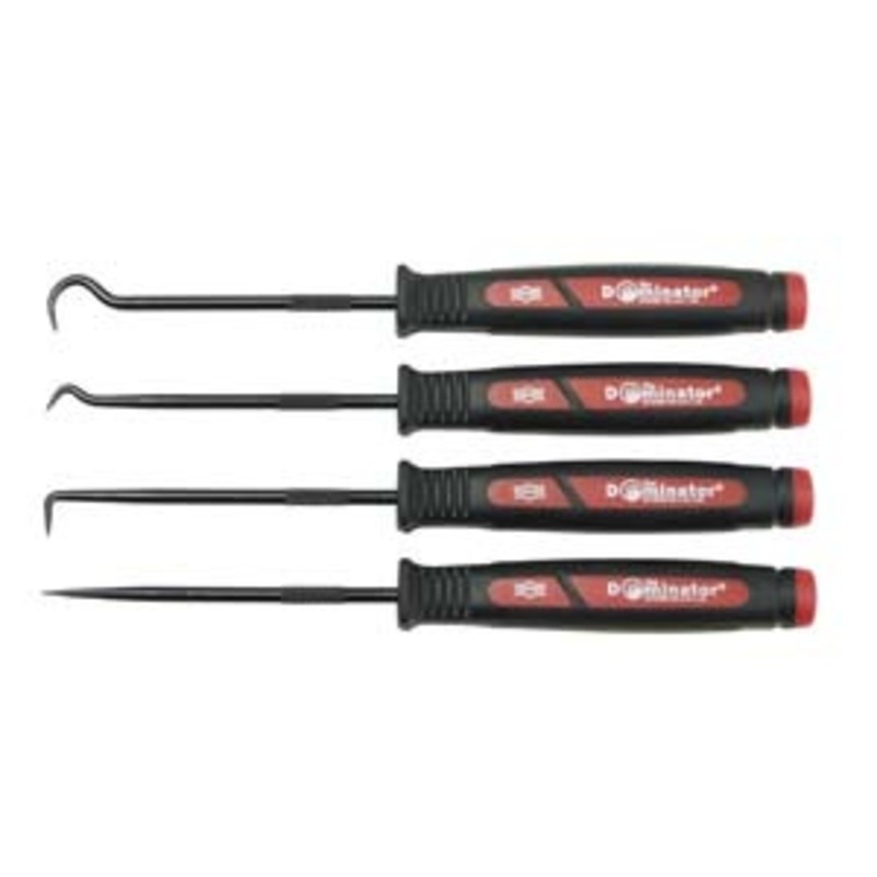 Mayhew 4 Piece Mini Dominator Set - MH60003Scratch all, 90 Degree, Curved and Complex hook Blades Composite, patented, ergonomic handle for comfort and secure grip. Blade extends full length of tool to end cap
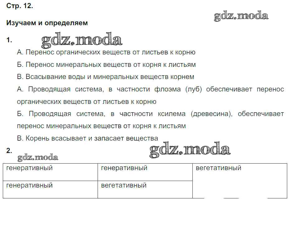 ГДЗ решение к заданию № 12 Биология 5-6 класс тетрадь-тренажер Сухорукова Л.Н. Просвещение 2016 Часть 1, Часть 2 ФГОС бесплатно на гдз.мода!
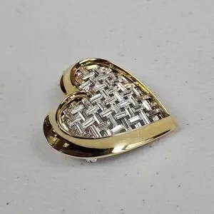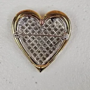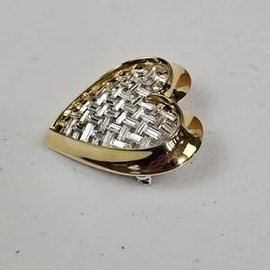 Nolan Miller Heart Brooch Baguette Rhinestone Woven Look Gold Tone Love

=-=-=-=-=

Task directions — Retype all the material word for word while skipping any picture it contains.

Reply to the exercise —
 Mayhew 4 Piece Mini Dominator Set - MH60003Scratch all, 90 Degree, Curved and Complex hook Blades Composite, patented, ergonomic handle for comfort and secure grip. Blade extends full length of tool to end cap
 ГДЗ решение к заданию № 12 Биология 5-6 класс тетрадь-тренажер Сухорукова Л.Н. Просвещение 2016 Часть 1, Часть 2 ФГОС бесплатно на гдз.мода!
 Nolan Miller Heart Brooch Baguette Rhinestone Woven Look Gold Tone Love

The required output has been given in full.